This would provide a concrete implementation of createTag in 
CompositeTagScanner, removing a lot of near duplicate code from the 
scanners, and allow end users to plug in their own tags via a call like
   setTagFor ("BODY", new myBodyTag())
on the Parser. Details on interaction with the scanners have to be 
worked out, but it seems the end user wouldn't have to replace the 
scanner to get their own tags out.

Scanners
--------
The script scanner has been replaced. It can be considered as a first 
pass at what needs to be done to replace the generic 
CompositeTagScanner. The use of the underlying lexer makes these 
specialty scanners much easier.

Unit Tests
----------
The remaining failing unit tests show up the changed functionality.
Examples:
testIncompleteTitle - <title>blah</title </head> used to be 2 nodes
testInvertedCommas - <tag attribute = whatever> used to be acceptable
testEmptyComment - <!--> was considered a valid remark node

Each needs to be examined, a decision on the 'correct' behaviour made, 
and the code or test altered accordingly.

Documentation
-------------
As of now, it's more likely that the javadocs are lying to you than 
providing any helpful advice. This needs to be reworked completely.

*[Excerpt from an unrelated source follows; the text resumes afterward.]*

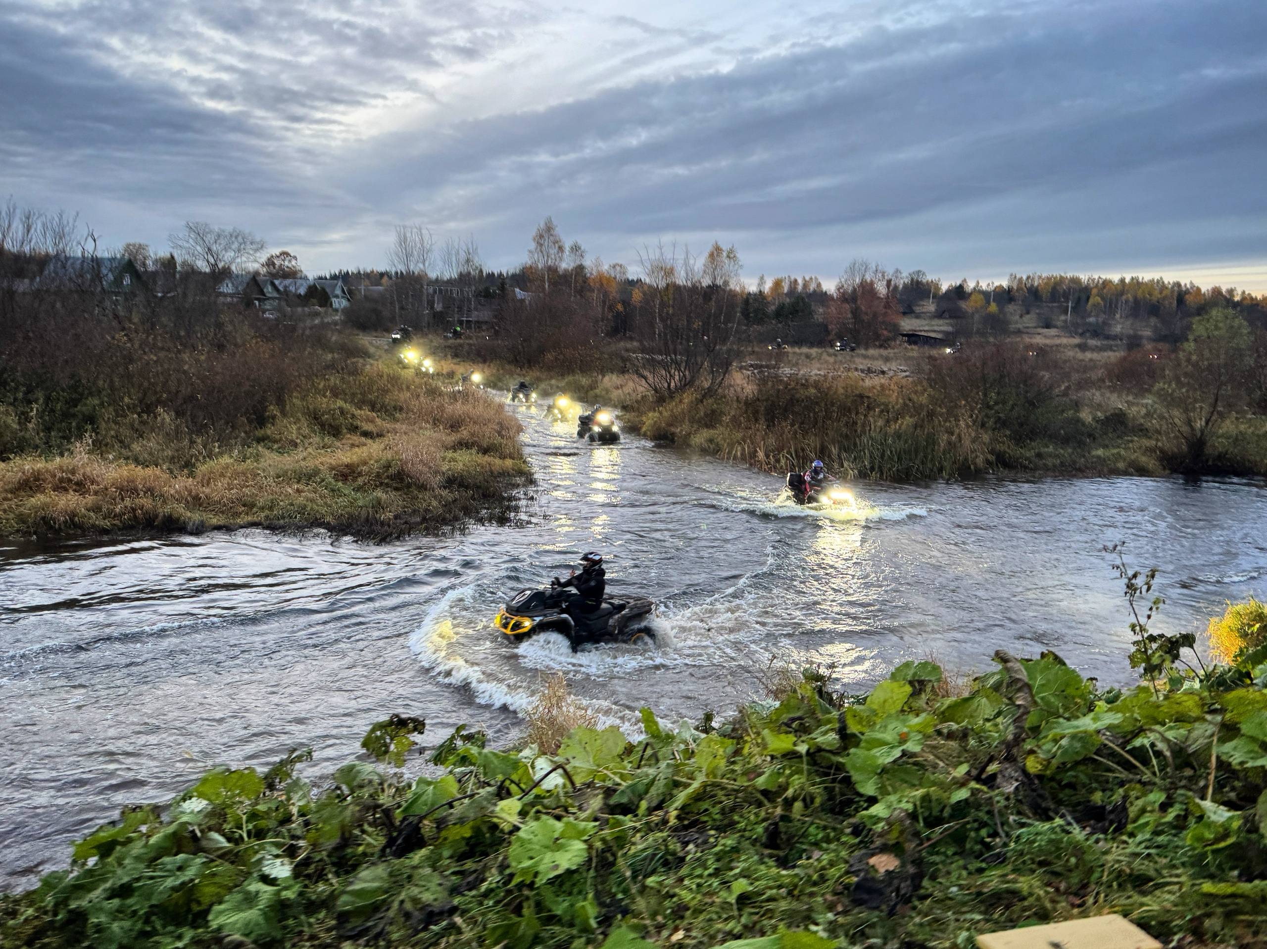 По ходу маршрута мы заехали на экскурсию в архитектурно-этнографический музей «Василёво», где одной из главных экспозиций является большой валунный мост, прозванный в народе «Чёртовым», а потом отправились на родину архитектора Львова – усадьбу Никольское-Черенчицы, где увидели грот-пирамиду, валунную кузнецу и колокольню-маяк. Наш путь периодически пролегал вдоль красивых берегов реки Осуга и Таложенки. А реку Осуга три раза пересекли в брод. Очень живописная местность, вкуснейший клубный обед и согревающий кофе-брейк в ночи, отличная команда и душевная атмосфера! Настоящий кайф от таких выходных!

As you can see there's lots of work to do, so anyone with a death wish 
can jump in.  I'll be working my way from top to bottom of the JUnit 
errors list and commiting and notifying the developer list after each of 
them.  So go ahead and do a take from CVS and jump in the middle with 
anything that appeals. Keep the list posted and update your CVS tree 
often (or subscribe to the htmlparsre-cvs mailing list for interrupt 
driven notification rather than polled notification).